Lackluster Hong Kong sees drop in tourists
Updated: 2015-07-07 07:39
By Luis Liu in Hong Kong(China Daily)
Hong Kong saw a further reduction in tourists last month in a worrying trend experts credited to more travel choices for mainland Chinese tourists, easing visa regulations and soft currencies in neighboring countries.
Experts and industry leaders also warned that the city is in an unfavorable position when competing with other regional tourist destinations and that its reputation has suffered from the ongoing protests.
Overall visitor arrivals fell by 1.9 percent year-on-year for the first four weeks of June. The monthly drop was the second year-on-year monthly fall this year. In March, visitor arrivals slid 8.7 percent. Leading the decline was a 10 percent drop in independent mainland visitors, following a 5 percent fall in May.
Secretary for Commerce and Economic Development Gregory So Kam-leung warned of an "accelerating decrease" that deserved urgent attention. He pledged to organize more festive events to help Hong Kong remain attractive to travelers.
Mainland tourists are Hong Kong's primary source of visitors, with 47.2 million arrivals last year. They accounted for nearly 78 percent of all arrivals, according to the Hong Kong Tourism Commission.
Industry experts cited competition as a key reason for the decrease. Many countries have loosened their visa policies for Chinese nationals, which attracted significant numbers of mainland tourists, said Song Haiyan, a professor and associate dean at Hong Kong Polytechnic University's School of Hotel and Tourism Management.
Currency fluctuations are also a vital factor, Song said. The euro, Japanese yen and South Korean won have dropped, undermining Hong Kong's competitiveness as a shopping destination.
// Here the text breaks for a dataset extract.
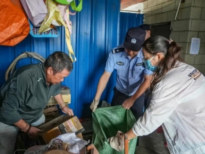 记者在惠民南路60号运豪苑公寓看到,街道和社区工作人员正与顶层居民进行沟通,耐心解释天台堆积杂物的危害,并动员他们自行清理仍有使用价值的物品。随后,区公安、城管、消防、应急等部门执法人员手持铁铲、扫把、编织袋等工具进入天台,逐一清理堆积物品,铲除青苔杂草,重点对花盆托盘、废弃桶罐等易积水容器进行倾倒与移除,并在居民配合下依法有序清理天台农作物、清运家禽至指定地点进行规范处理。

Fiercer competition in the regional tourism market also is ongoing. Japan and Thailand both recorded an increase of more than 90 percent in mainland visitor arrivals in the first quarter of the year. Vietnam saw an increase of 60 percent, while South Korea recorded a 36 percent rise, according to the tourism commission.
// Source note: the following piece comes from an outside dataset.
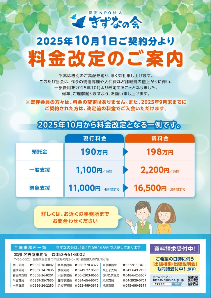 当会は、2025年10月1日より一部料金を改定させていただきます。

Meanwhile, the 2014 PolyU Tourist Satisfaction Index released by the School of Hotel and Tourism Management saw a drop of 1.46 points for Hong Kong, representing the largest decline in the six years since the index was launched.
This reflected political squabbles, such as last year's Occupy Central movement, that made mainland tourists and travelers from other countries feel unwelcome and reluctant to choose Hong Kong over other destinations, Song said.
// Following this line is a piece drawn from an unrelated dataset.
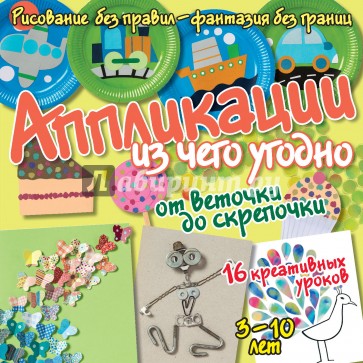 В книге "Аппликации из чего угодно: от веточки до скрепочки" уже в самом названии всё сказано. Добавим только, что шестнадцать креативных уроков откроют тайну простого волшебства: как с помощью кусочков бумаги, ткани, ниток или пуговиц создать свой первый маленький шедевр.

In the long run, the slowing trend will affect other industries, which could have a negative effect on the city's economy as a whole, the professor said.
Industry players are already reacting to the dip. In the past six months, a number of local small retailers have closed their stores due to tourist losses, said Caroline Mak Sui King, chairwoman of the Hong Kong Retail Management Association.
She said she feared a wave of business closings in the coming months and hoped the protesters would stop the demonstrations.